Kami sadang main kaja kunci, Kak,” jawab dari salah satu dari mereka. Namanya Marsha. Ia masih duduk di bangku kelas 1 MTS atau setingkat SMP. Saya memperhatikan bagaimana anak anak ini bermain Kaja Kunci. Mereka tertawa sambil berlari, bersorak-sorak sambil memanggil nama teman-teman mereka. Mereka yang sudah tertangkap oleh salah satu anak yang menjaga seolah-olah ingin dilepaskan dari kunci. Mungkin inilah maksud dari Kaja Kunci. Anak yang tertangkap akan gantian untuk menjaga. Jika si anak yang dikejar mengatakan “kunci”, maka yang mengejar tidak bisa menangkapnya. Si anak yang mengatakan “kunci” ini hanya bisa diam mematung dan akan lepas kembali jika salah satu teman membebaskannya.

Setelah mereka bermain Kaja Kunci, saya berkenalan mereka: Marsha (kelas 1 Mts), Zahwa (kelas 1 SMP), Iren (kelas 5 SD), Apin (kelas 3 SD), Paris (kelas 5 SD), dan Nopi (kelas 1 SD) sebagai anak bawang. Anak bawang biasanya disematkan pada anak-anak yang ikut bermain, tetapi masih terlalu kecil untuk diperhitungkan. Si anak bawang ini boleh diikutkan bermain tetapi boleh pula menolak untuk kalah.

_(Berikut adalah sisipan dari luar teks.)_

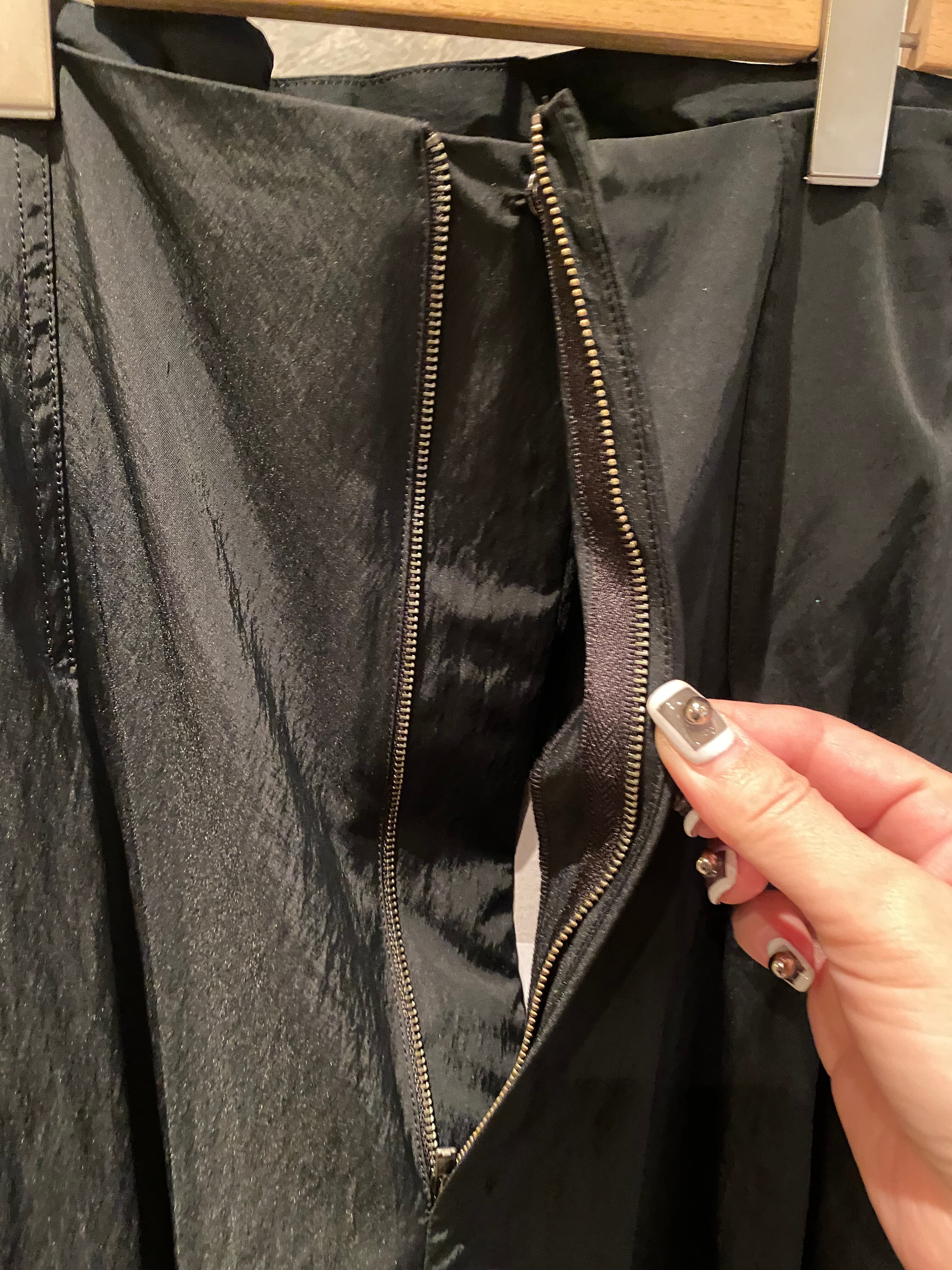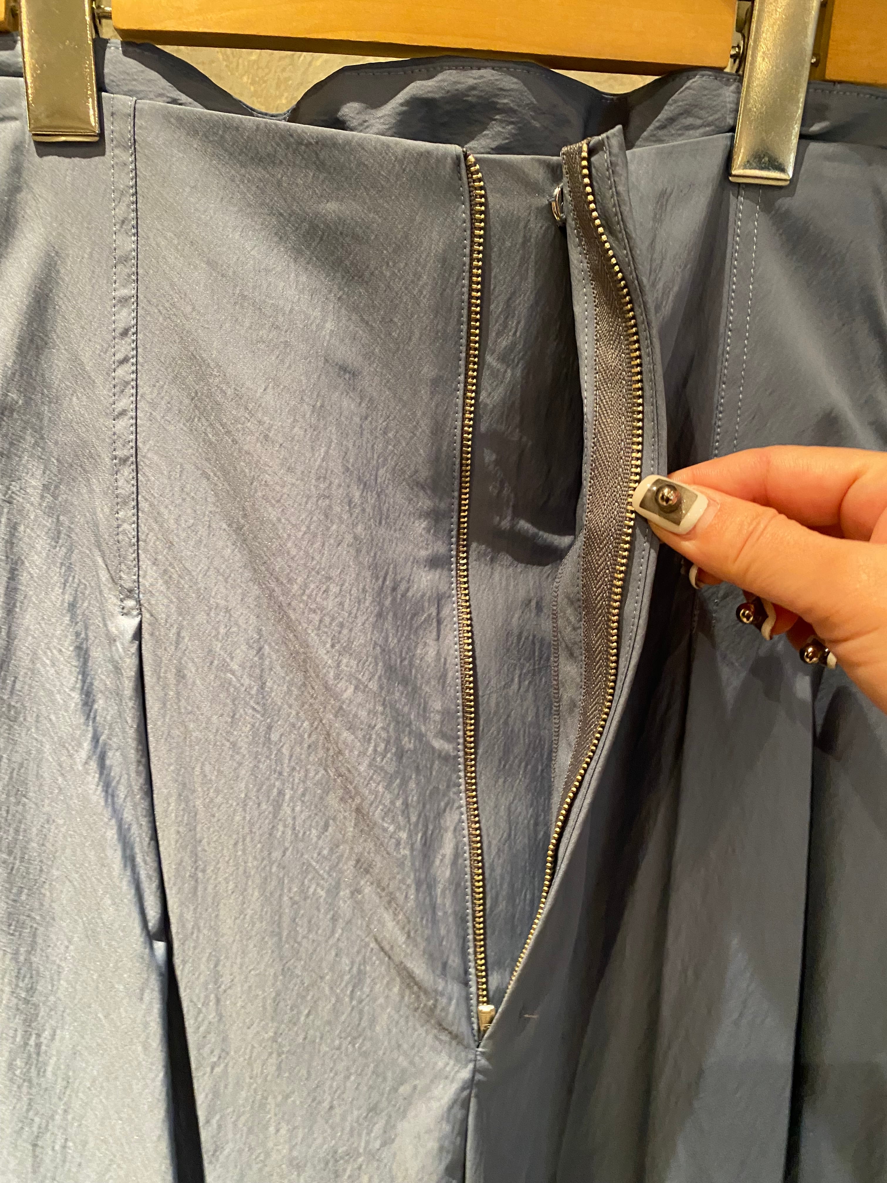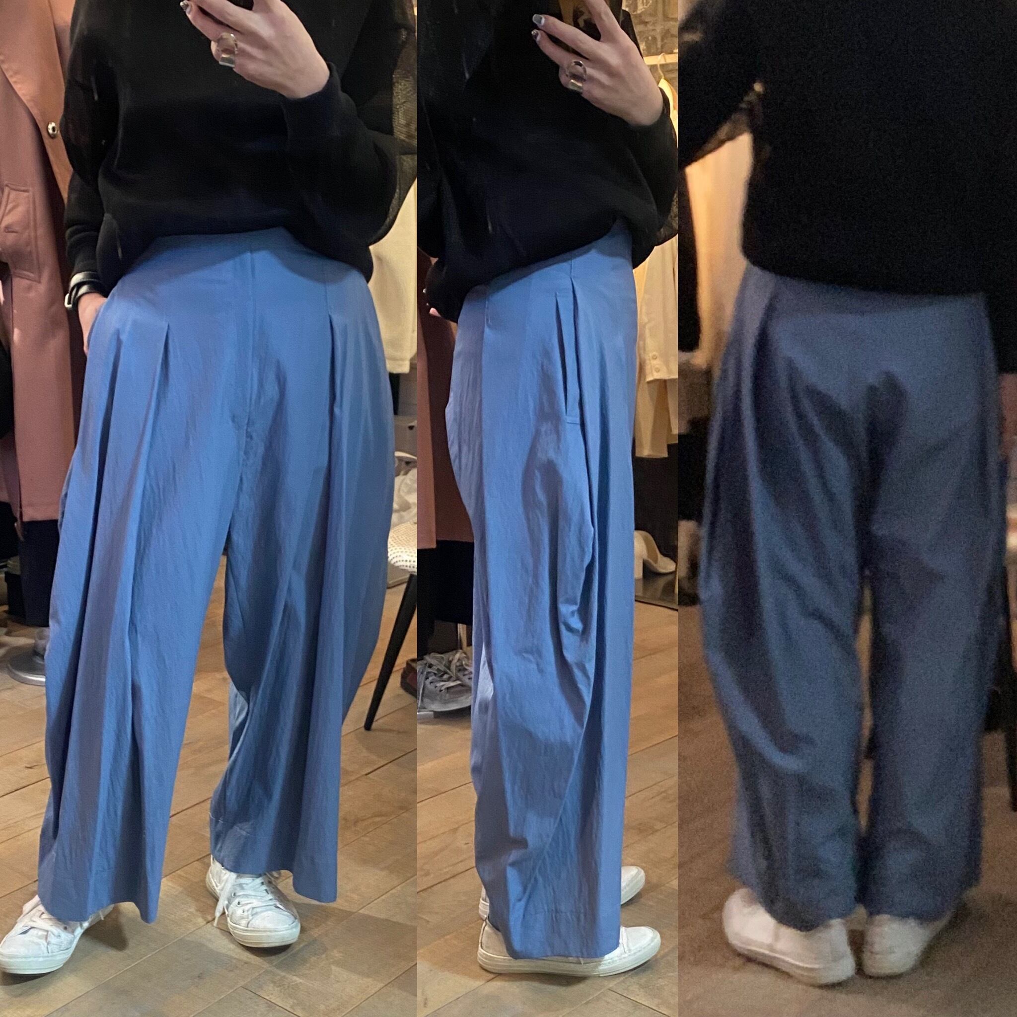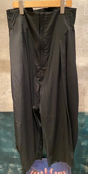 1枚のパターンで作られており、脇の大きなタックでボリュームを出した裾すぼまりの大きなシルエットのパンツ。少しハイウエストになっており、後ろのウエストにゴムが入っています。両脇にポケット有りの前ファスナー開きになります。光沢感のないレーヨンフィラメント糸とナイロンフィラメントを使用したマットなツイル素材。レーヨンの落ち感と、ナイロンのハリ感を合わせ持った独特な風合いを持っています。ナチュラルな艶があり、接触冷感の生地になります。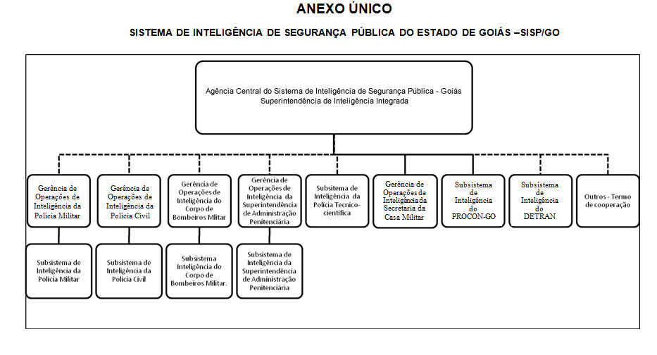 Institui, no âmbito da Secretaria de Estado de Segurança Pública e Administração Penitenciária, o Sistema de Inteligência de Segurança Pública do Estado de Goiás – SISP/GO. O GOVERNADOR DO ESTADO DE GOIÁS, em exercício, no uso de suas atribuições constitucionais e legais, e tendo em vista o que consta do Processo nº 201700013000107, DECRETA: Art. 1º Fica instituído, no âmbito da Secretaria de Estado de Segurança Pública e Administração Penitenciária, o Sistema de Inteligência de Segurança Pública do Estado de Goiás -SISP/GO. § 1º O SISP/GO é um sistema cooperativo e colegiado, composto pelos órgãos de que trata o art. 3º, voltado para o exercício permanente e sistemático de ações especializadas na produção e salvaguarda de conhecimentos necessários para prever, prevenir, neutralizar e reprimir atos criminosos de qualquer natureza ou relativos a outros temas de interesse da segurança da sociedade e do Estado. § 2° O SISP/GO tem a finalidade de coordenar e integrar as atividades de inteligência de segurança pública no âmbito do Estado. § 3º O SISP/GO integra o Subsistema de Inteligência de Segurança Pública –SISP-, instituído pelo Decreto federal nº 3.695, de 21 de dezembro de 2000, no âmbito do Sistema Brasileiro de Inteligência -SISBIN-, instituído pela Lei federal nº 9.883, de 7 de dezembro de 1999. Art. 2º Para os efeitos deste Decreto, deverão ser observados os seguintes conceitos: I - Sistema de Inteligência de Segurança Pública do Estado de Goiás -SISP/GO- é o conjunto formal de subsistemas e de agências de inteligência distribuídas em todo o território estadual, com atuação harmônica, integrada e ordenada, que busca os mesmos objetivos e são orientados por uma padronização de doutrina, procedimentos e rotinas, estabelecendo-se, dentre elas, o compromisso pela colaboração, pelo fluxo de dados e de conhecimentos, por intermédio do canal técnico; II - atividade de inteligência de segurança pública é o exercício permanente e sistemático de ações especializadas para identificar, avaliar e acompanhar ameaças reais ou potenciais na esfera de segurança pública, basicamente orientadas para produção e salvaguarda de conhecimentos necessários para subsidiar os tomadores de decisão, para o planejamento e a execução de uma política de segurança pública e das ações para prever, prevenir, neutralizar e reprimir atos criminosos de qualquer natureza que atentem à ordem pública, à incolumidade das pessoas e do patrimônio; III - contrainteligência se destina a proteger a atividade de inteligência e a instituição a que pertence, mediante a produção de conhecimento e implementação de ações voltadas à salvaguarda de dados e conhecimentos sigilosos, além da identificação e neutralização das ações adversas de qualquer natureza; IV - atividade de inteligência policial militar é o exercício permanente e sistemático de ações especializadas para identificar, avaliar e acompanhar ameaças reais ou potenciais na esfera de segurança pública, orientadas para produção e salvaguarda de conhecimentos necessários para assessorar o processo decisório; para o planejamento, a execução e o acompanhamento de assuntos de segurança pública e da polícia ostensiva, subsidiando ações para prever, prevenir e neutralizar ilícitos e ameaças de qualquer natureza, que possam afetar a ordem pública e a incolumidade das pessoas e do patrimônio, sendo coordenada pela Gerência de Operações de Inteligência da Polícia Militar e exercida pela Agência Central de Inteligência da Polícia Militar (PM/2) e pelas demais agências regionais e locais de inteligência; V - atividade de inteligência policial judiciária é o exercício permanente e sistemático de ações especializadas para identificar, avaliar e acompanhar ameaças reais ou potenciais na esfera de segurança pública, orientadas para produção e salvaguarda de conhecimentos necessários para assessorar o processo decisório no planejamento, execução e acompanhamento de uma política de segurança pública; nas investigações policiais e nas ações para prever, prevenir, neutralizar e reprimir atos criminosos de qualquer natureza que atentem à ordem pública e à incolumidade das pessoas e do patrimônio, sendo exercida pelas agências de inteligência no âmbito da Polícia Civil; VI - atividade de inteligência bombeiro militar é o exercício permanente e sistemático de ações especializadas para identificar, avaliar e acompanhar ameaças reais ou potenciais na esfera de segurança pública, orientadas para produção e salvaguarda de conhecimentos necessários para subsidiar o processo decisório; para o planejamento, a execução e o acompanhamento de uma política de segurança pública e das ações para prever, prevenir e neutralizar riscos referentes a desastres naturais e de causa humana, calamidades, a ordem pública, a incolumidade das pessoas e do patrimônio; assuntos de interesse institucional e a proteção dos seus ativos corporativos, sendo exercida pelas agências de inteligências do Corpo de Bombeiros Militar; VII - atividade de inteligência penitenciária é o exercício permanente e sistemático, por meios de ações especializadas para identificação, detecção, acompanhamento e avaliação de ameaças reais ou potenciais na esfera do sistema penitenciário, orientadas para a produção e salvaguarda de conhecimentos necessários para a decisão no âmbito de segurança pública, e no planejamento, definição de uma política de administração penitenciária, visando neutralizar, coibir e reprimir atos criminosos de qualquer natureza, principalmente aqueles oriundos de estruturas hierarquizadas existentes nos sistemas carcerários, cuja atuação interna e externa possa promover ou ordenar crimes de toda ordem; VIII - atividade de inteligência pericial criminal é o exercício permanente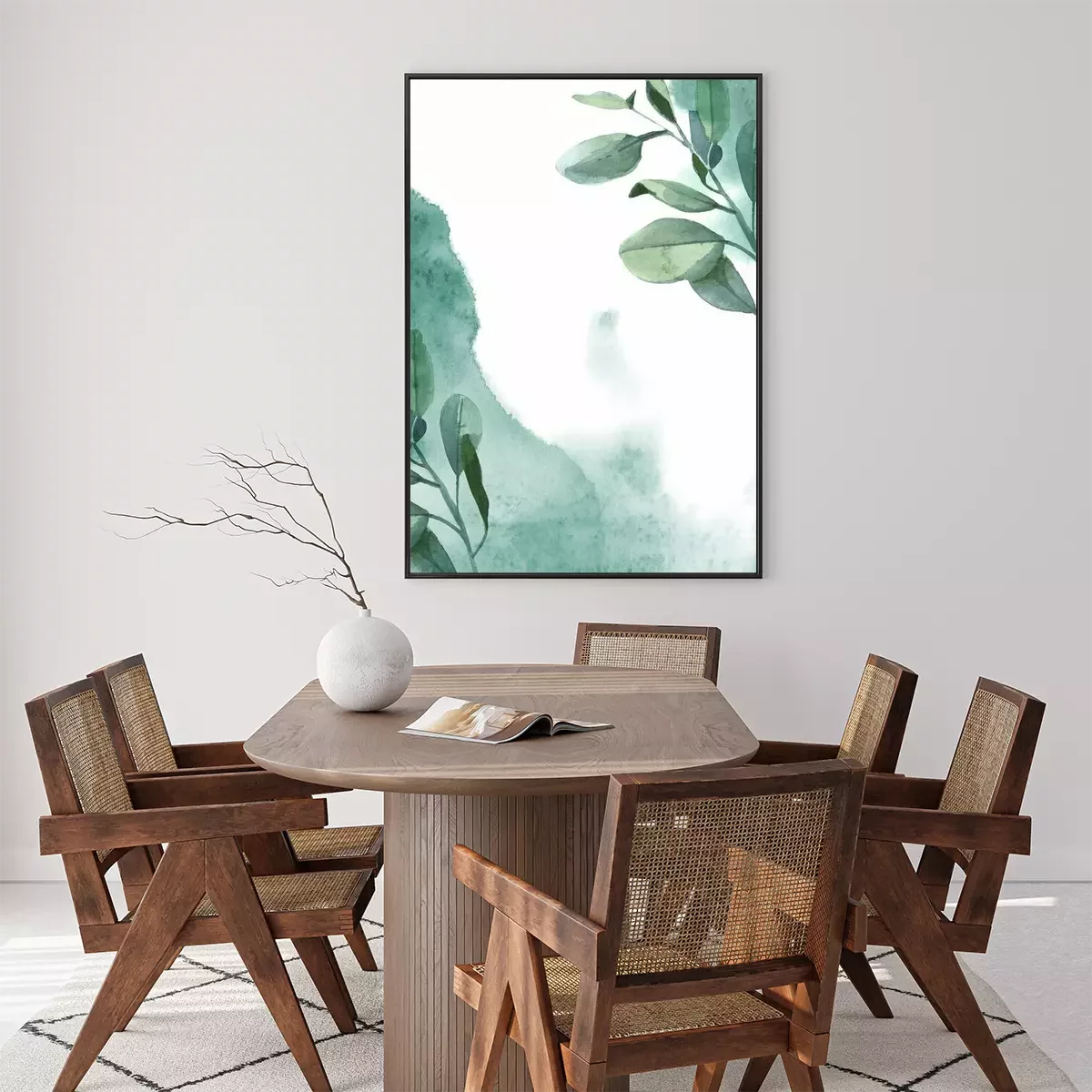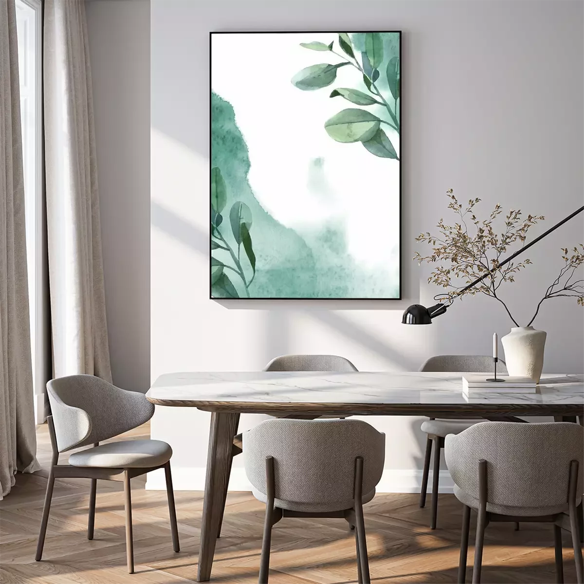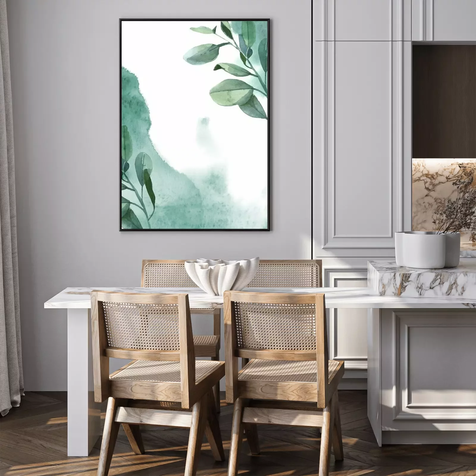 Poster: Groene eucalyptusbladeren en waterverfachtergrond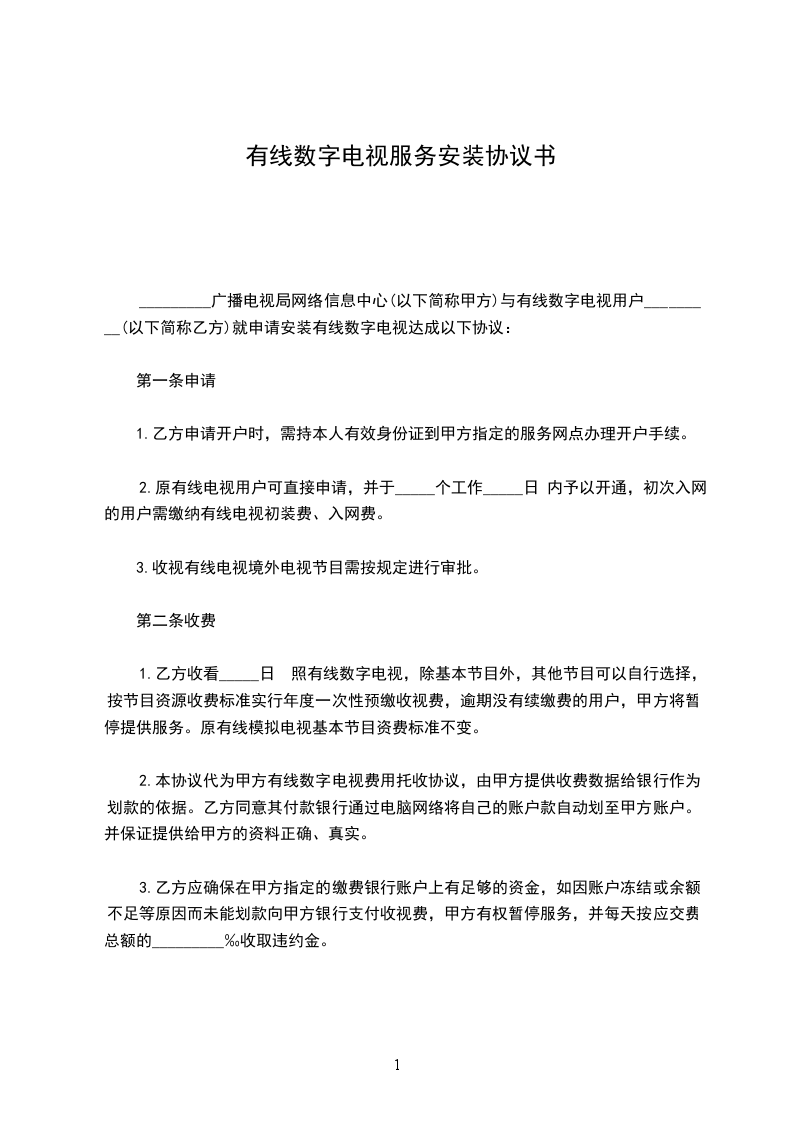 _________(以下简称“甲方”)与有线数字电视用户(以下简称“乙方”)就申请安装有线数字电视达成以下协议: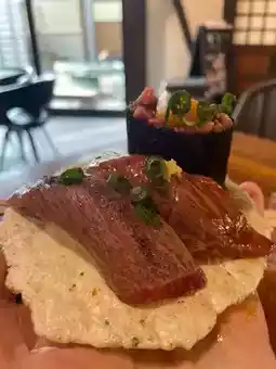 When you come to Takayama Old Street, you definitely can’t miss this popular Hida beef sushi specialty shop "Kinno Kottegyu"! It’s no exaggeration. There are long queues at the door, but the food is served quickly. You can enjoy the dream-like Hida beef sashimi sushi after a short wait.

Pada tanggal 25 Agustus 2023, kami kembali ke Jorong Mato Jariang, Nagari Kubuang Putiah, Kabupaten Agam. Kami melanjutkan observasi pada pukul 16.00 WIB dengan membawa beberapa alat permainan seperti kelereng dan karet/ kajai. Marsha dan teman teman lainnya sudah menunggu kami untuk ikut serta dalam permainan. Mereka memustuskan untuk bermain kajai “Tali Merdeka”.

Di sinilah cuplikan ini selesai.